Microsoft Shares Lag Behind Big Tech Rivals as Growth Concerns Lead to UBS Downgrade
Microsoft Corp experienced a decline on U.S. exchanges, with shares dropping 5.3% following a downgrade from UBS. Concerns over slowing growth in its cloud services and Office suite prompted the downgrade, highlighting the challenges the company faces in a changing economic landscape.
The tech giant, under the leadership of Satya Nadella, is grappling with reduced spending from businesses confronting rising borrowing costs after a period of rapid growth in cloud services that had attracted significant investor interest.
Lead analyst Karl Keirstead noted that Microsoft’s Azure cloud unit is facing a steep growth slowdown that may exceed investor expectations for fiscal years 2023 and 2024. He suggested that the market may be nearing saturation.
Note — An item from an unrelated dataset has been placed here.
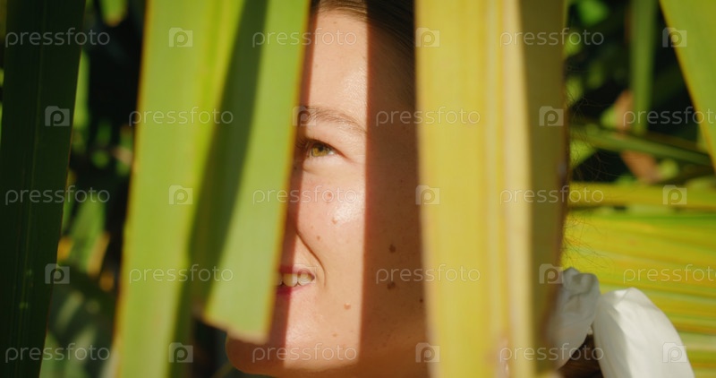 Девушка в тропических зеленых листьях пальмы. Естественная женская красота. Закатный свет и тени на лице крупным планом. Захватывающий опыт путешествий
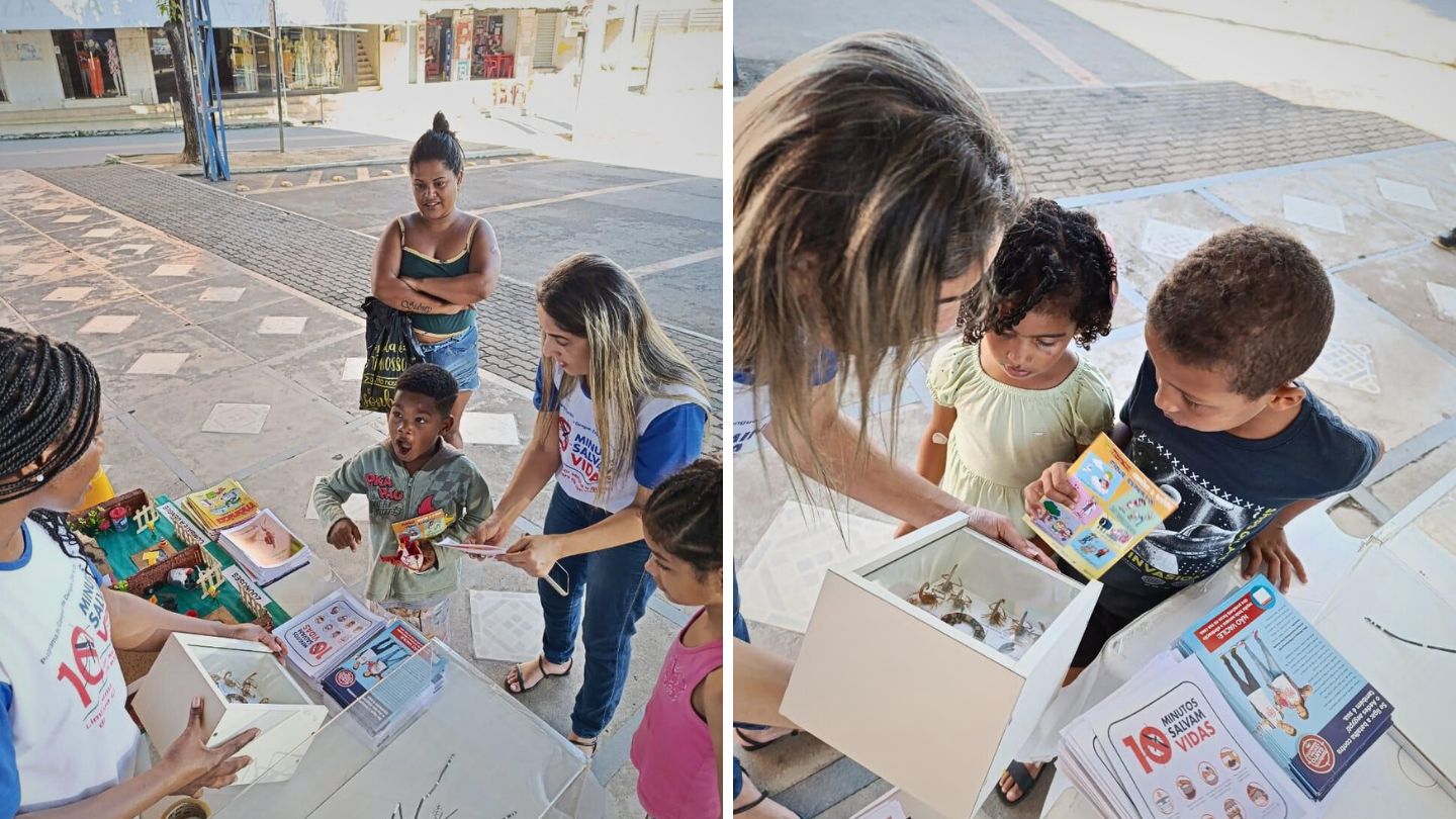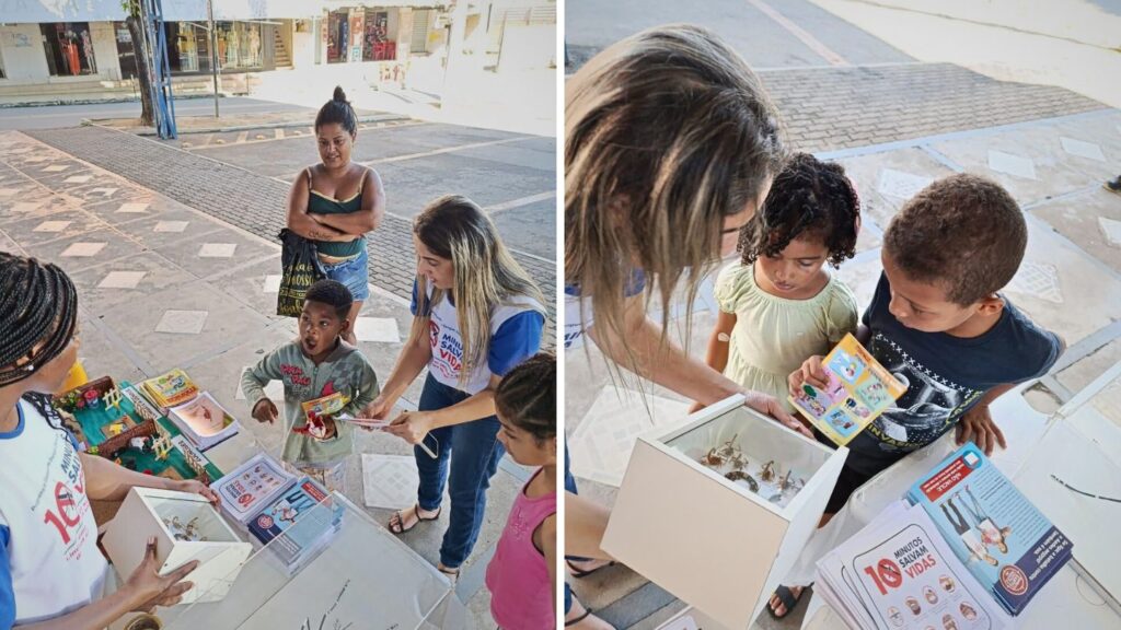 Além das visitas às residências, a mobilização contou com diversas ações educativas e de conscientização. Foram realizadas orientações e panfletagens na Feira Municipal e no comércio da Sede, abordagem e distribuição de material informativo sobre arboviroses para passageiros na rodoviária, borrifação nos ônibus e visitas em escolas, com atividades voltadas para a conscientização de crianças e adolescentes.

UBS adjusted its rating on Microsoft to “neutral” from “buy” and revised the price target down by $50 to $250, which is below the median of $290 and the average “buy” rating from more than 50 analysts, according to Refinitiv data.
Microsoft’s stock reached a near two-month low of $226, making it the largest decliner on the benchmark index. Despite a 29% drop in value in 2022, it managed to outperform peers like Alphabet Inc and Amazon.com Inc during a challenging year for the rate-sensitive technology sector.
Keirstead also highlighted that diminishing enterprise software spending, driven by companies cutting costs and jobs, could negatively impact Microsoft’s Office 365 business this year.
He expressed doubts about the stock’s potential for multiple expansions at current valuations, stating, “We don’t have as much confidence in the stock.”
In a related note, shares of Amazon also fell by 2% after UBS reduced its price target from $165 to $125 due to concerns over slowing growth in the cloud sector.